Tonight for dinner I had Chinese takeout. Part of this dinner included the flesh of a chicken (several, probably) raised in conditions that could charitably be described as forty-five days of hell that ended only in assembly-line death on a scale that dwarfs both the Aztecs and the Nazis (in the United States alone, 9.5 billion birds are killed annually in death factories). Other parts included the flesh of shrimp, grains, and vegetables, all raised and killed under equally hellish conditions. If we take those who tormented these nonhumans at their words, this torment (which the tormenters would I’m sure not acknowledge) happens not primarily to provide me with food (because food, even meat, does not have to include torture; when not at restaurants I try to only purchase the meat of grass-fed, free-range animals), but rather primarily to make them money.

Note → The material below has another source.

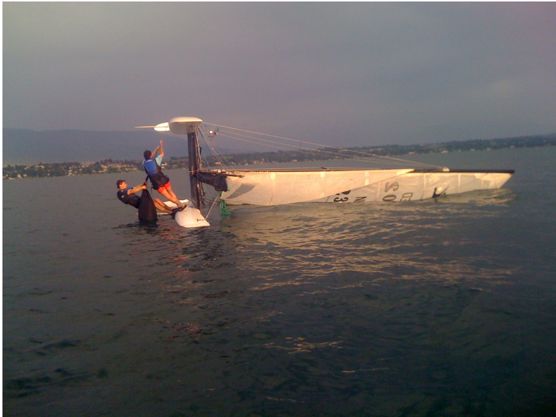
Our Hobie Tiger Meerkat proved deservedly popular and a wise choice of purchase: don't worry, we are sure this capsizing was deliberate practice. The righting bag is the thing they are concentrating on.

Last but not least: the Dinghies are hibernating now in BA5, but many of them require some repairs and maintenance. Here we need your help! Please contact the committee and learn about how you can contribute during the winter season so that all boats are available in a good shape for sailing in 2012!

My eighteen-year-old cat is dying of renal failure. During the last week she’s had multiple strokes, and can barely walk. She’s nearly blind. Most of the time she sleeps, deeply, and when she stirs, I carry her to where she can pee, wait till she’s done, carry her to the water dish, wait till she’s done, put her on the table, and feed her canned food tiny bite by tiny bite. I haven’t killed her because she still purrs when she eats, and she is not showing signs of pain or terror. But here’s the point: I feed her canned turkey and cheese, canned chicken and salmon, and canned beef with gravy. These turkeys, these cows, these chickens, these salmon, are raised, again, in horrific conditions. The “product” is mass-produced at tremendous psychological (for the victims) and ecological cost. These horrors are systematic. The people perpetrating these horrors are not perpetrating them to feed gods, or even primarily to feed cats, but rather to make money.

Just yesterday in the newspaper I read that a wealthy homeowners’ association near San Francisco asked for and received permission to kill one hundred acorn woodpeckers. The reason? The birds are poking holes in the houses (built in a forest which constitutes the birds’ home, for crying out loud), annoying residents, and reducing property values (in a collapsing market; perhaps they’d be better served, financially, to get a permit to kill those really responsible for the financial devaluation of their houses). These birds will be killed not to feed gods, but rather for financial reasons.

Between 17 and 70 million animals are killed—sacrificed is the word they actually use—annually by vivisectors. These are not killed to feed gods, but rather to make money. And don’t give me any shit about advancing knowledge; why do they want to advance knowledge? To make money.

But the motivation isn’t the point here. The point is that this culture routinely sacrifices others, and indeed is sacrificing the entire planet to maintain this way of life.